BEGIN RECORDS TO USE

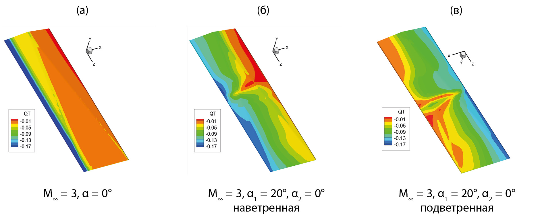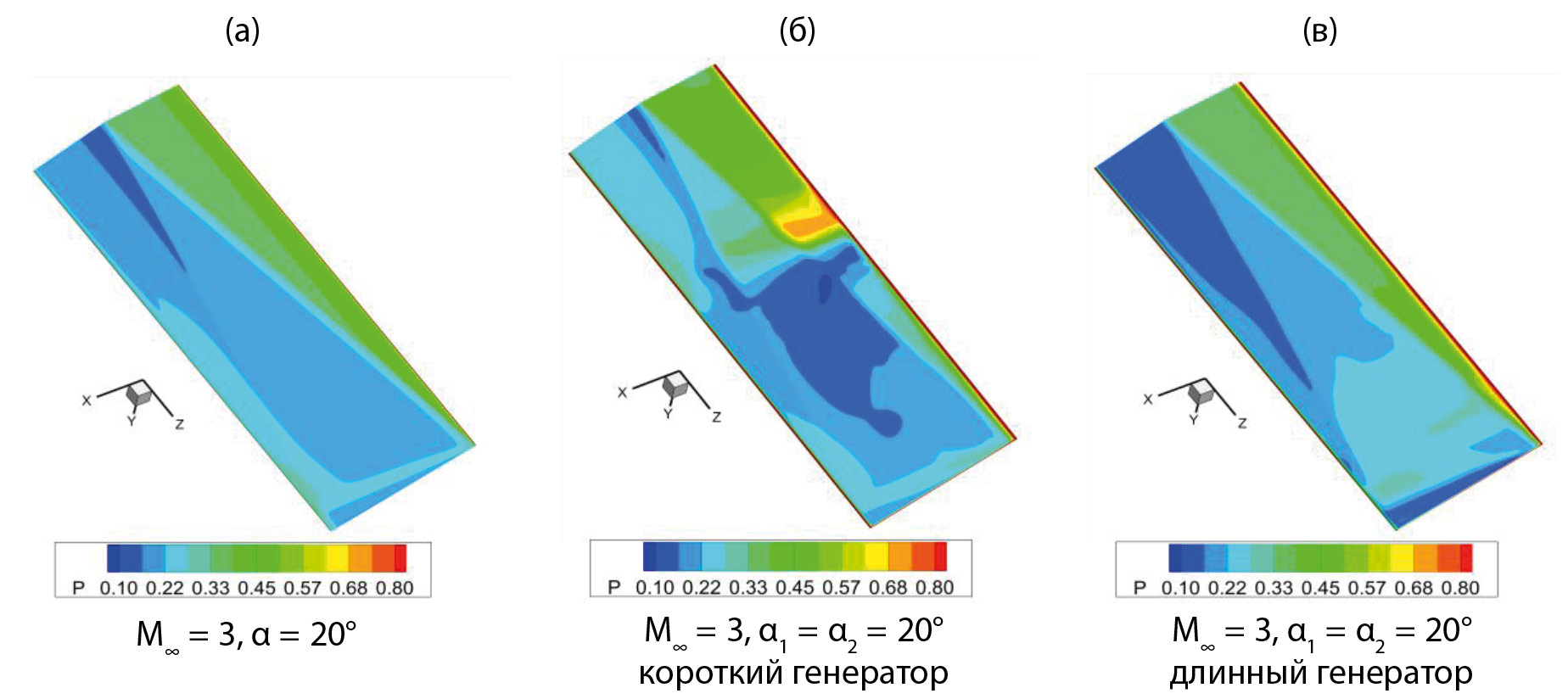 Число Маха набегающего потока задавалось М∞ = 3, число Рейнольдса — ReL = 1 × 107. Углы установки генератора принимались 10° и 20°, при этом угол атаки основного крыла устанавливался 0° и 20°. При обтекании крыла-генератора формируется вихревая пелена за его задней кромкой и концевой вихрь, сходящий с его боковой (концевой) кромки. Относительное расположение генератора и основного крыла выбрано таким образом, чтобы указанные вихревые структуры пересекали основное крыло.
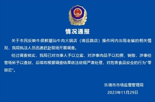 ·溫州樂清官方通報火鍋店現(xiàn)老鼠啃牛排:已對當事人予以立案,對涉事肉品予以扣押、銷毀,涉事經營場所予以查封。
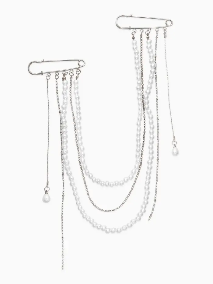 Булавки "Аксельбант", жемчуг, цвет белый в серебре
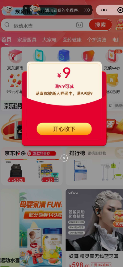 【活动规则】1、微信进入小程序“京东购物”->关闭广告等待5秒,自动弹出9.9减9元券
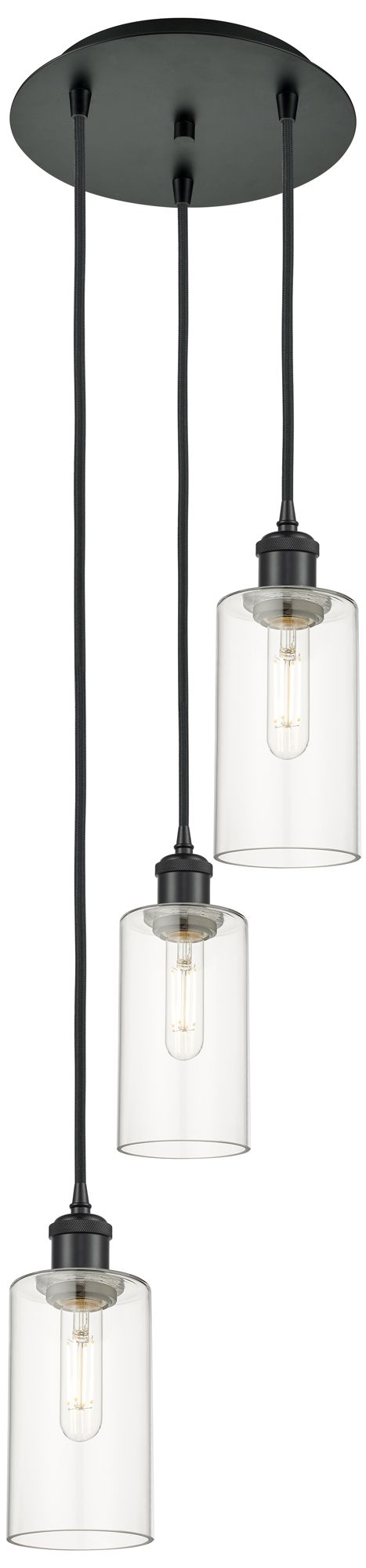 Crown Point 3 Light 13" Cord Hung Multi Pendant Matte Black Clear Shade
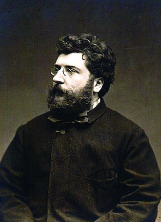 比才生于1838年,10岁进入巴黎音乐学院,少年才华横溢,不孚父母厚望,钢琴演奏得到柏辽兹和李斯特的赞许。1855年,他的《C大调交响曲》出类拔萃,年仅19岁时获“罗马艺术大奖”头等奖。进而,他陆续谱出《采珠人》《波尔特的美姝》和《加米勒》等几部歌剧。他不肯固守当时歌舞剧的常规,有些创意,可惜均未取得突破性效应,难以达到他殷切期望的“一鸣惊人”。
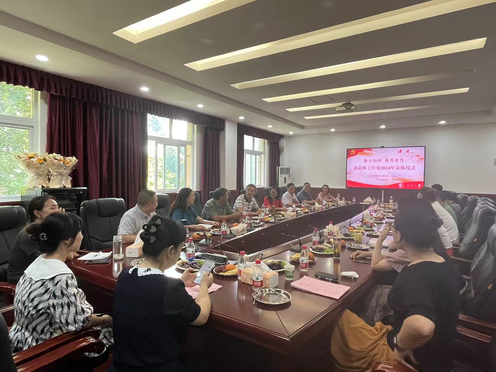 相关科室代表为两位老领导献上鲜花,全体科长集体朗诵诗歌《莫道桑榆晚,为霞尚满天》,以此表达对老领导们辛勤付出的赞美和对他们未来生活的美好祝愿。
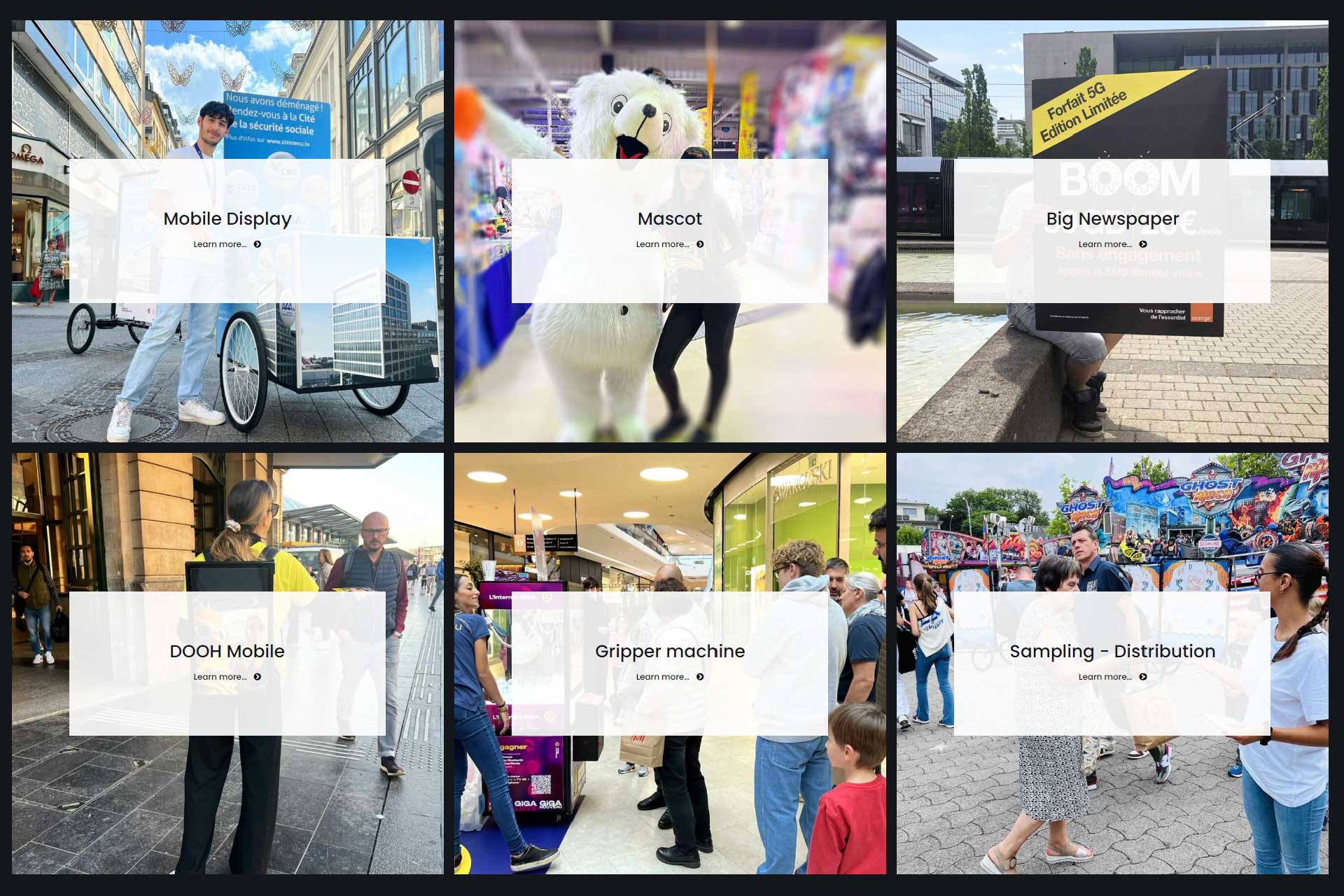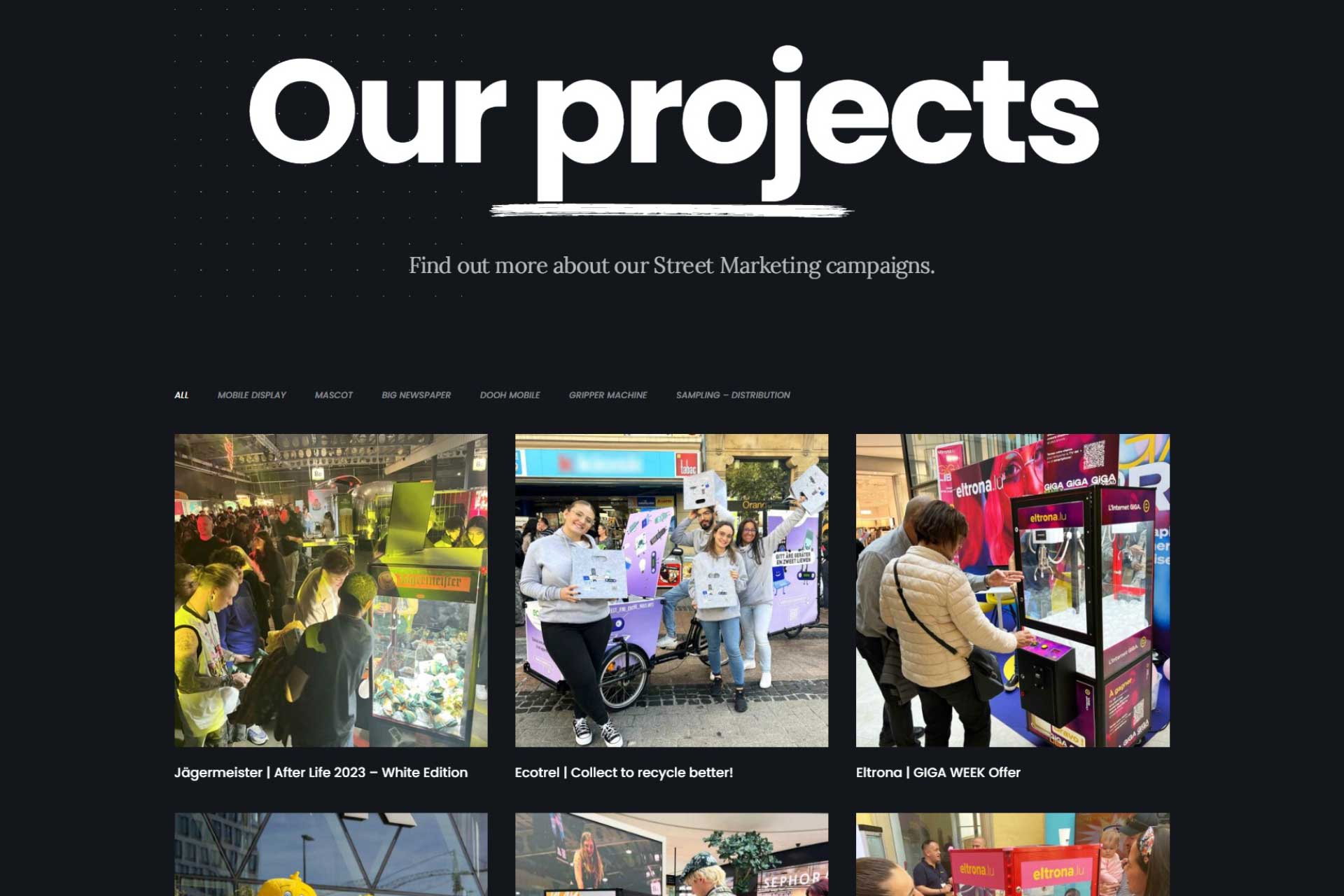 Street marketing is above all actions on the ground! This is why we designed our new site around the case studies carried out . For example, for each “Service” page, we have associated the corresponding customer achievements so that you see a concrete illustration of the service presented. You also have the possibility to consult all of our case studies with the possibility of filtering them by service.
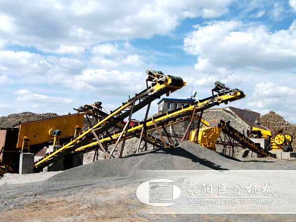 大理石由給料機(jī)均勻地送進(jìn)粗碎機(jī)進(jìn)行初步破碎,然后,產(chǎn)成的粗料由膠帶輸送機(jī)輸送至二 破碎機(jī)(反擊式破碎機(jī))進(jìn)行進(jìn)一步破碎,細(xì)碎后的石料進(jìn)振動篩篩分出不同規(guī)格的石子,滿足粒度要求的石子由成品膠帶輸送機(jī)送往成品料堆;不滿足粒度要求的石子由膠帶輸送機(jī)返料送到反擊式破碎機(jī)進(jìn)行再次破碎,形成閉路多次循環(huán),成品粒度可按照用戶的需求進(jìn)行組合和分級,為保護(hù)環(huán)境,可配備輔助的除塵設(shè)備。
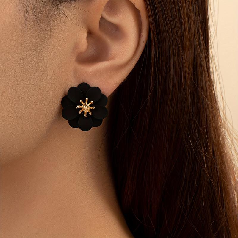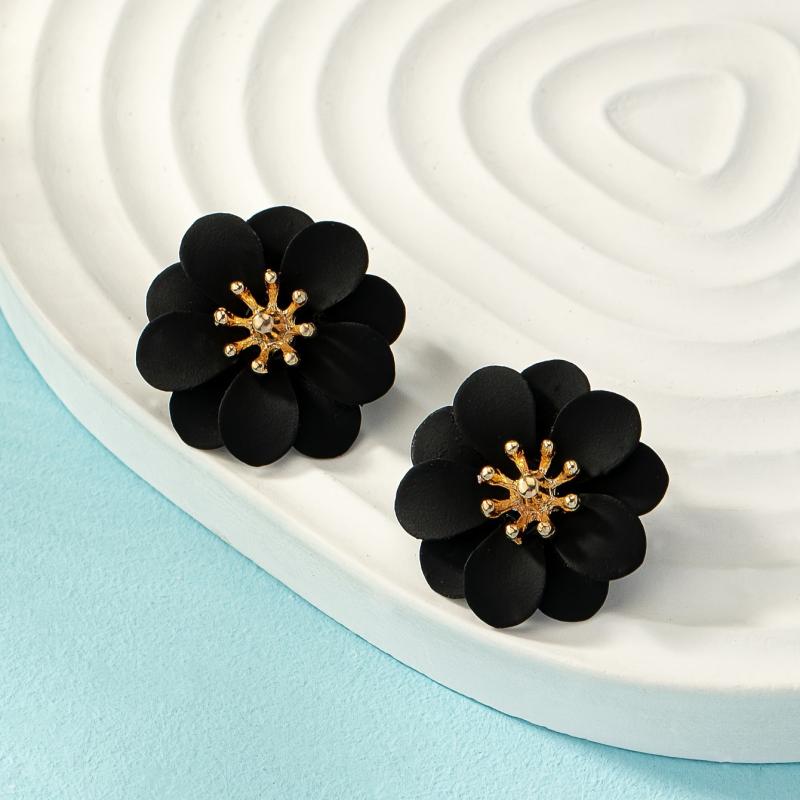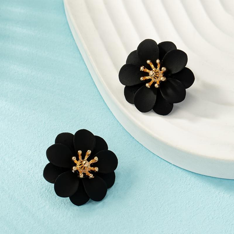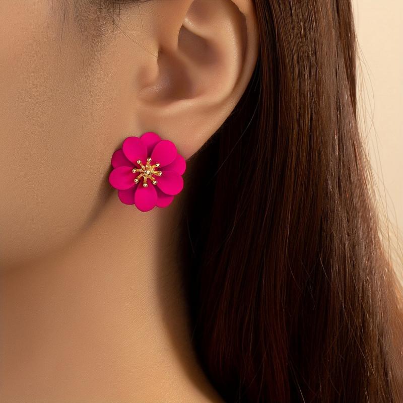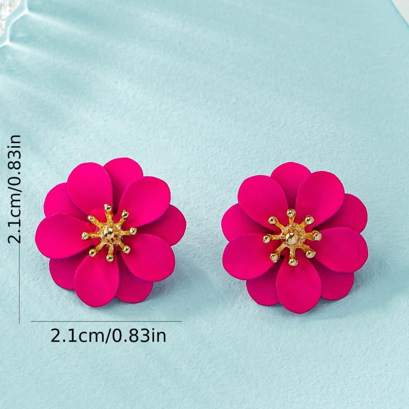 Add a pop of color to your summer outfits with these hot pink flower-shaped stud earrings. Made of iron with 18K gold plating, these earrings are perfect for a bohemian leisure style look during your summer vacation.

END RECORDS TO USE

> **WHAT TO PRODUCE**
In the material above, one part opens with the line containing "белый в серебре" and closes with the line containing "相关科室代表为两位老领导献上". Write out that part exactly and skip its pictures.

> **TASK SOLUTION**
 Булавки "Аксельбант", жемчуг, цвет белый в серебре
 【活动规则】1、微信进入小程序“京东购物”->关闭广告等待5秒,自动弹出9.9减9元券
 Crown Point 3 Light 13" Cord Hung Multi Pendant Matte Black Clear Shade
 比才生于1838年,10岁进入巴黎音乐学院,少年才华横溢,不孚父母厚望,钢琴演奏得到柏辽兹和李斯特的赞许。1855年,他的《C大调交响曲》出类拔萃,年仅19岁时获“罗马艺术大奖”头等奖。进而,他陆续谱出《采珠人》《波尔特的美姝》和《加米勒》等几部歌剧。他不肯固守当时歌舞剧的常规,有些创意,可惜均未取得突破性效应,难以达到他殷切期望的“一鸣惊人”。
 相关科室代表为两位老领导献上鲜花,全体科长集体朗诵诗歌《莫道桑榆晚,为霞尚满天》,以此表达对老领导们辛勤付出的赞美和对他们未来生活的美好祝愿。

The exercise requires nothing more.